If you are a linux or unix user, then you're probably pretty familiar with the permissions settings on files. It's a basic methodology that is essentially unchanged over 20 years or more or unix development. But its shortcomings have been just as well known to unix experts over that time.

What Mayer et al demonstrate is that the latest linux 2.6 has a very interesting add-on. SELinux. It is incorporated by default. So if you're running linux 2.6, it's been present all along, hidden in the background. The book describes what it offers. A vastly improved and very granular security model. Based on the concept of type enforcement. It goes way beyond earlier implementations of Mandatory Access Control.

The book can be heavy sledding if all this is new to you. Luckily, it describes a neat GUI tool, apol, that you can run as root. It can greatly assist understanding the use and making of rules.

Most users and sysadmins of linux machines might still not require the active use of SELinux. There is a considerable investment in time needed, to understand and use it. Plus, most of the examples cited in the book refer to government or classified contexts. Outside these, you have to really ask yourself if it's germane to you.

This book offers a lot of information on the subject, and seems to focus generally on policy writing. However, there are a lot of new features in the newer Fedora Cores that it doesn't cover very well. Also, it talks about a lot of issues that, as long as you don't have a super old system, don't really matter anymore.

I'm about a hundred pages into the book. I am still completely confused. If this book was intended to describe SELinux "by Example" it certainly hasn't. Furthermore, it seems to be a bit out of date, focusing on old distributions like Fedora Core 5. It appears to place a lot of focus on more obscure tools (written by the author and the author's company) as opposed to the more "standard" tools which are included in standard distributions.

I'm the type of administrator that installed fedora 13 at home, encountered SELinux and lastly installed fedora 14.
I wanted SELinux by Example to show me how to set up rules for CGI sub-systems. But by the time the book was delivered, I already figured it out. This signaled the end of 2 - 3 weeks of head banging! Then I was able to continue testing a program port.

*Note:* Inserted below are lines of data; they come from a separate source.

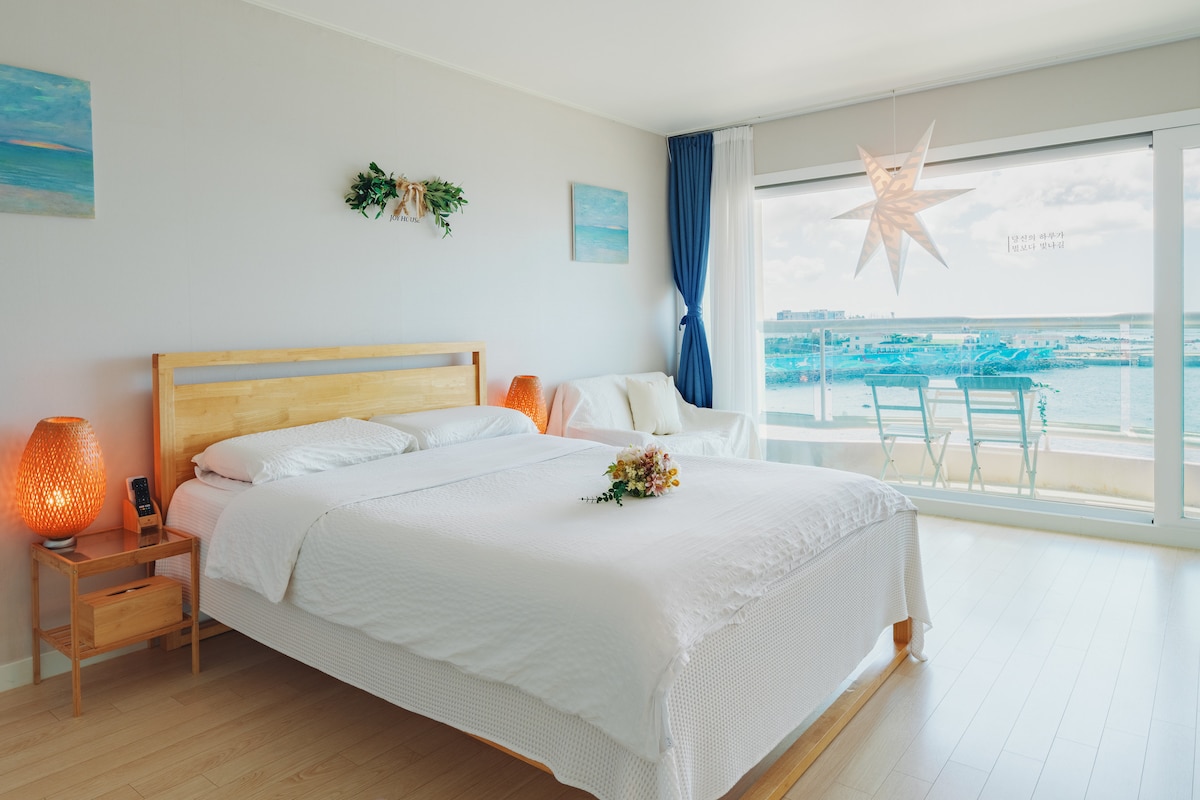 MonDieu! 제주 첫날 마지막날에 딱! l 공항 10분 오션뷰 더블룸 l 황홀한 바다뷰
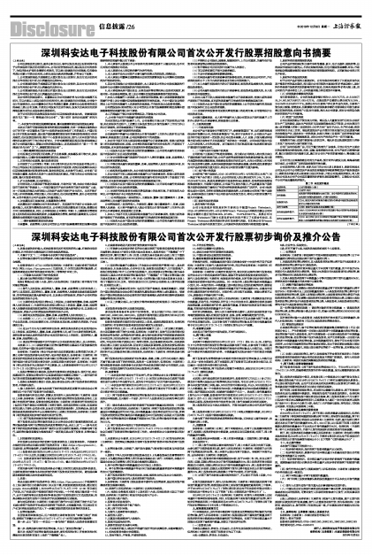 深圳科安达电子科技股份有限公司首次公开发行股票招股意向书摘要
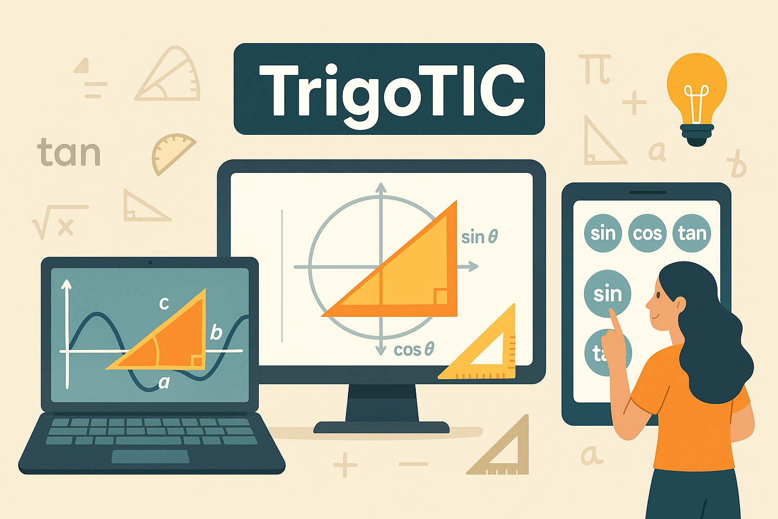 TrigoTIC es una estrategia TIC-pedagógica diseñada para fortalecer las competencias matemáticas y digitales de los estudiantes mediante el aprendizaje interactivo de la trigonometría. A través de simulaciones, videos, juegos y recursos digitales, los participantes explorarán las razones trigonométricas, sus aplicaciones en contextos reales y el uso de herramientas tecnológicas que promueven un aprendizaje significativo, autónomo y colaborativo.

As I flipped through the book, it showed me what I needed to do if I wanted to set up rules for including my own applications on LINUX. Hence this book is a great tool for customizing SELinux. Now, all new applications can keep on enforcing security. My favorite subject is managing roles, even as an associated "domain" transitions to another. Both high-class administrators and endusers alike will trust my services guarded by this security system.

--- DISCLAIMER: This is a requested review by PTR, however any opinions expressed within the review are my personal ones. ---

The book SbE comes in 3 parts and additionally with 45 page strong Appendix
containing more detailed information where to get additonal information from.

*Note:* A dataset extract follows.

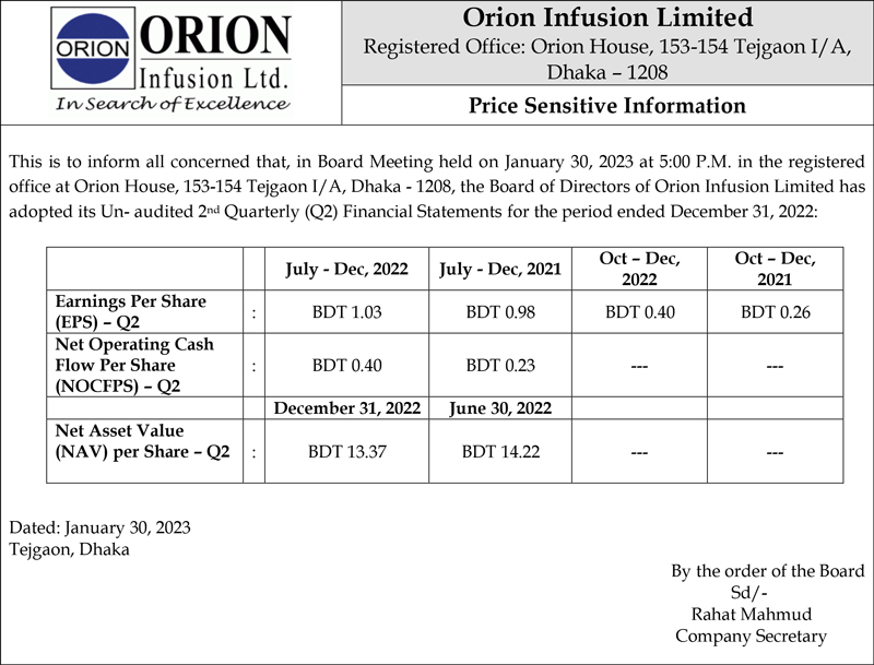Price Sensitive Information of Orion Infusion Ltd.
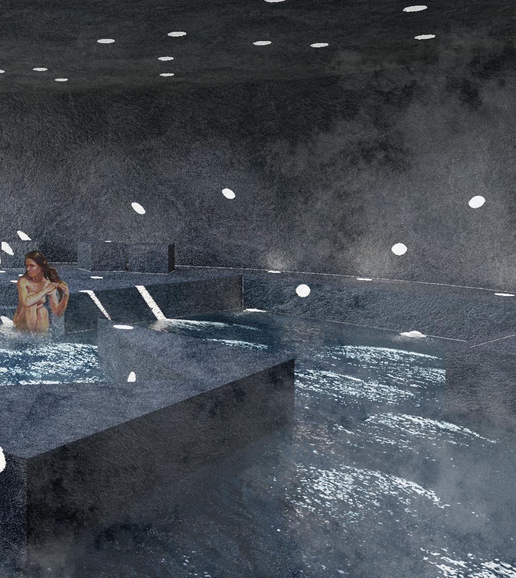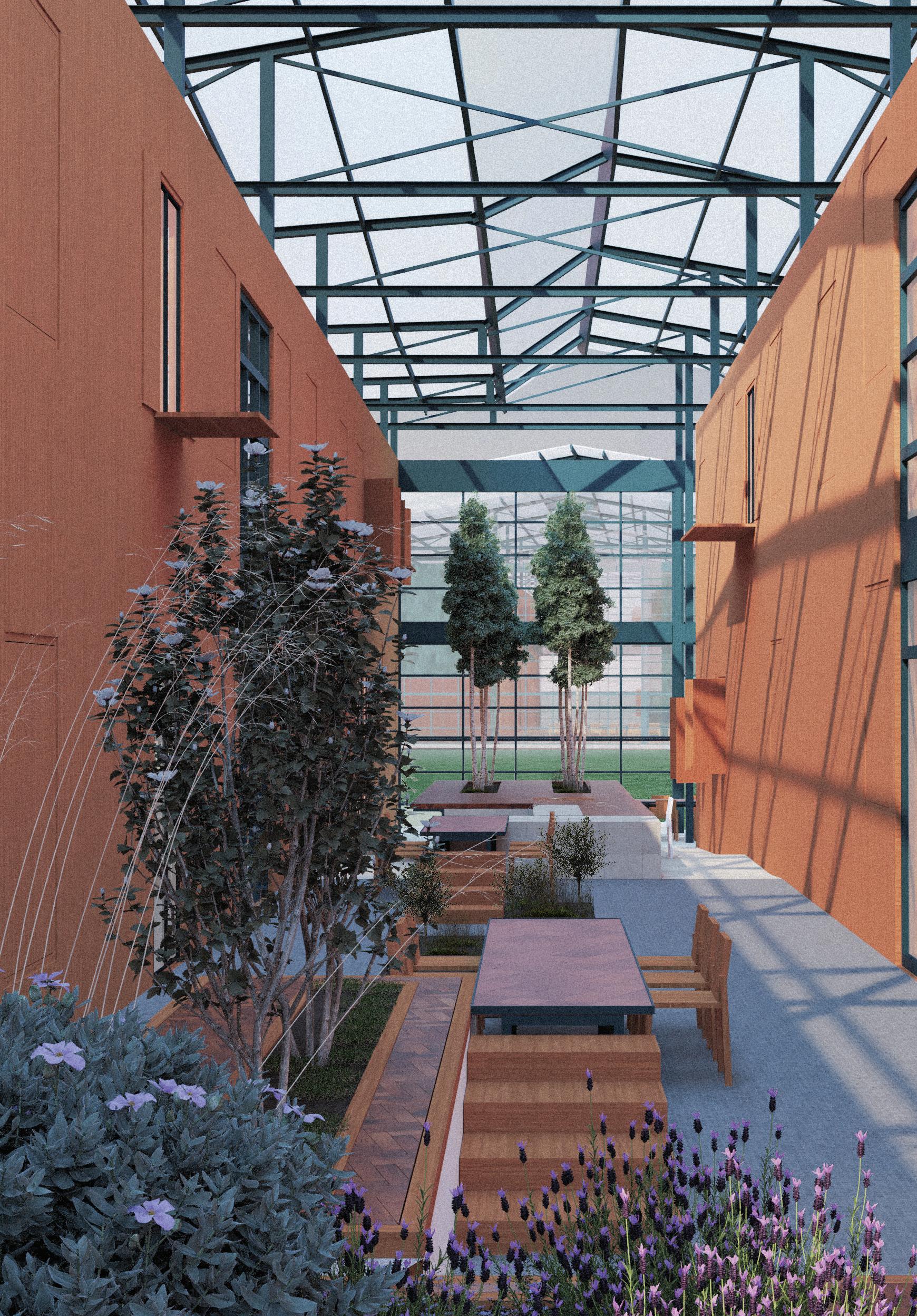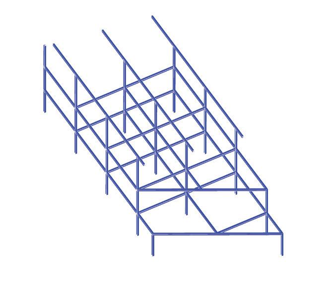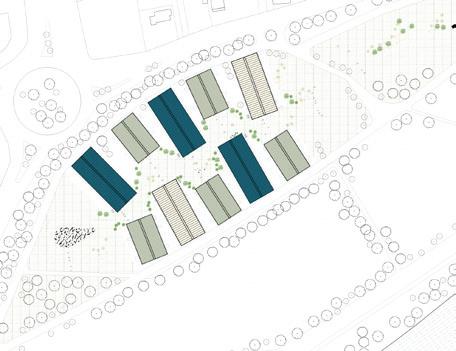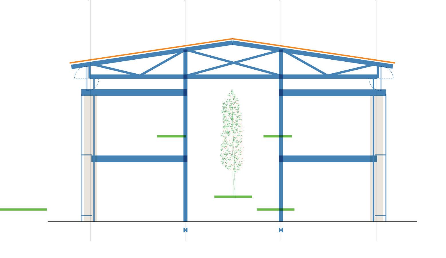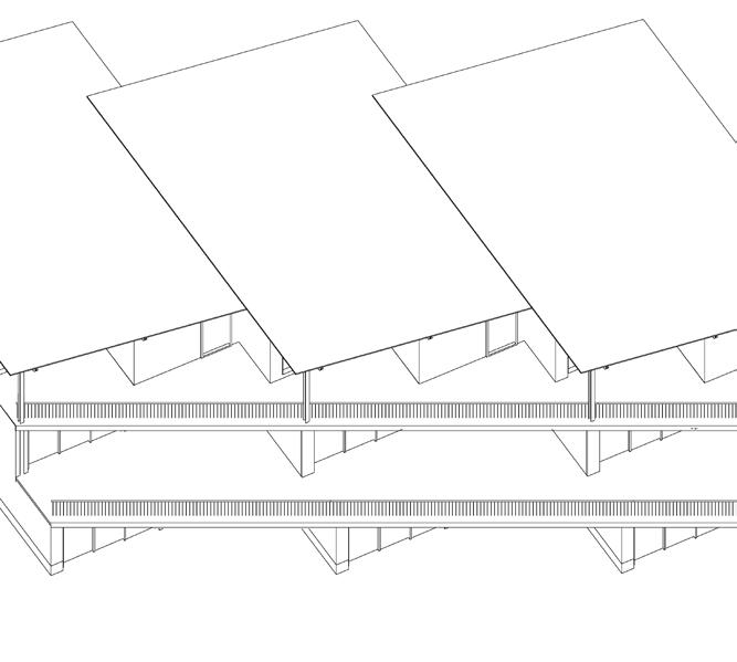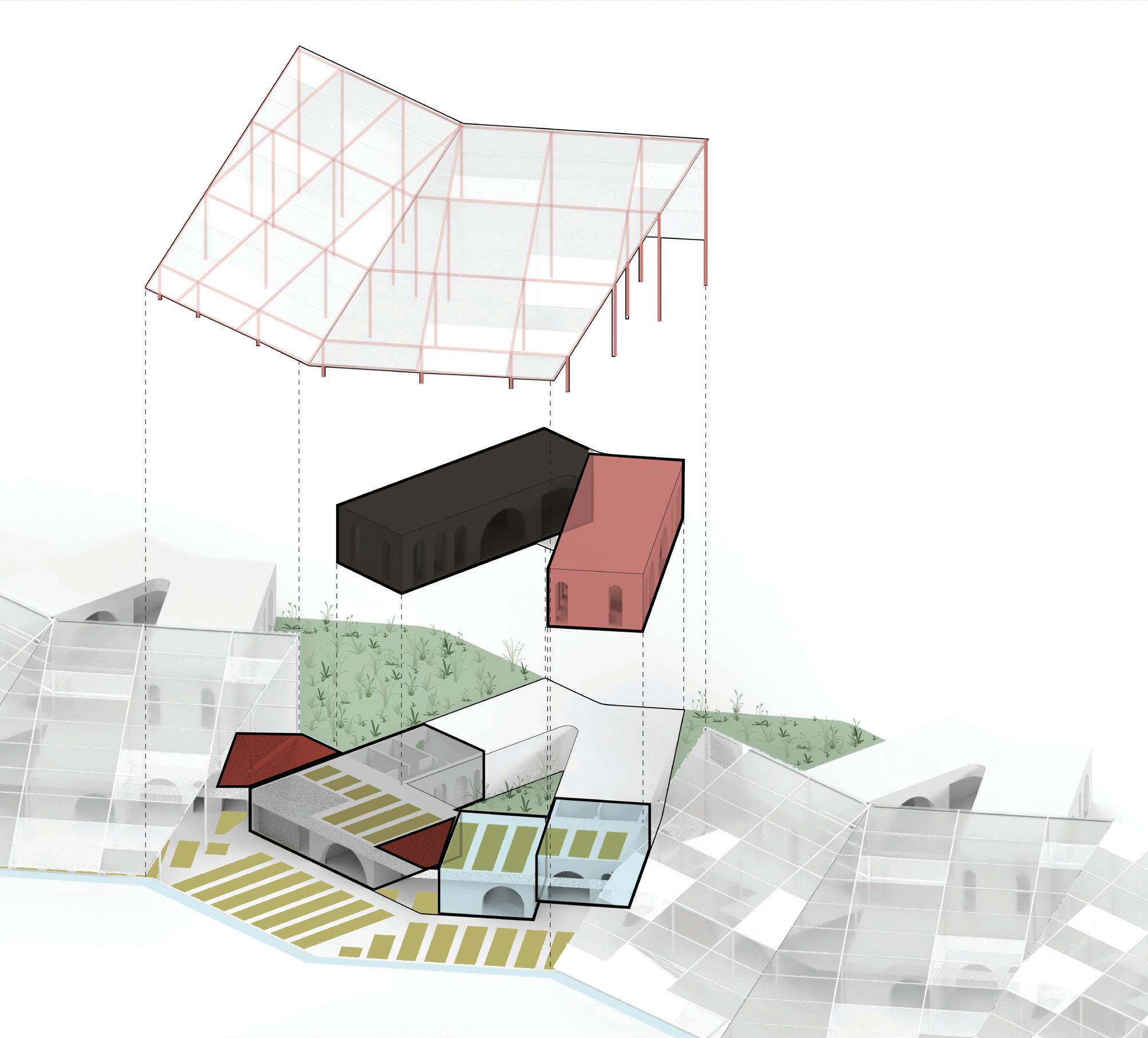 types that would interlock to make the spaces. Form, in the context of urban mining, would try to follow the availability of the structural steel frames. This strategy takes into account the fact that the steelwork came from a building designed by Gustave Eiffel for an exhibition center in Marseille and had already been moved to Arles after the Second World War, where it was abandoned and designated with the label of twentieth-century cultural heritage that could not be destroyed. Steel can be recycled and reused infinitely to produce virgin iron ore by smelting it down. This relies largely on fossilfuel-fired melting plants that consume large volumes of coal, emitting carbon in the process, and therefore is incompatible with zero-carbon targets. By taking a cradle-to-cradle approach, we explored the reuse of steel (currently an important material in the architectural field) in order to reduce the impact of mining ore on our planet.

Part I - A general overview (p. 1-55)
Part II - The SELinux Policy language (p. 57-236)
Part III - Creating and writing SELinux Security Policies (p. 237 - 362)
Appendix A (p. 364 - 409)

The book is mainly about policies itself and how to implement them.
Writing those policies is most of the time a time intensive and error prone task.

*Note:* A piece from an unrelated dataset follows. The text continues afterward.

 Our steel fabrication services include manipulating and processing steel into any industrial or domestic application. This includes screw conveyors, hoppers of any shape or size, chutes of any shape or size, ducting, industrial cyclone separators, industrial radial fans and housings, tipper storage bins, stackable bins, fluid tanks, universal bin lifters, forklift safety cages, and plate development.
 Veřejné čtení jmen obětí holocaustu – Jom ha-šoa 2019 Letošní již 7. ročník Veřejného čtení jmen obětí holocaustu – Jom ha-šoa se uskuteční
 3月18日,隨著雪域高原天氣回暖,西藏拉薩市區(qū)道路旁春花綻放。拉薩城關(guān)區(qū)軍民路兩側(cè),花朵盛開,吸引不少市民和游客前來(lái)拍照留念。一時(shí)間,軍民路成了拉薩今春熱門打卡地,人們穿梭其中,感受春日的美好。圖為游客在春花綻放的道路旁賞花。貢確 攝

Readers planning on understanding SELinux should bring some time with them to fully understand and appreciate
the examples given for the "example" policy (f.e. strict or targeted) and the "reference" policy.

Whats going to prove useful is the hints given towards which trade-offs you may need to take when deciding
f.e. to use the strict policy. While the topic itself might seem dry for many readers the book will prove
useful for those genuinely interested.

The book does describe the most useful tools to put the reader straight on track and avoid loosing time.
The lovely prepared useful details like the 17 page index are a nice feature you will find yourself refering
to when in need. Some readers might find that they better leave the setup of SELinux to professional service
companies, but still the book serves to get an understanding what you can and possibly cant do with SELinux.

The article "Secure Linux - security kit review" from Hakin9's online library serves as a nice compliment to the book.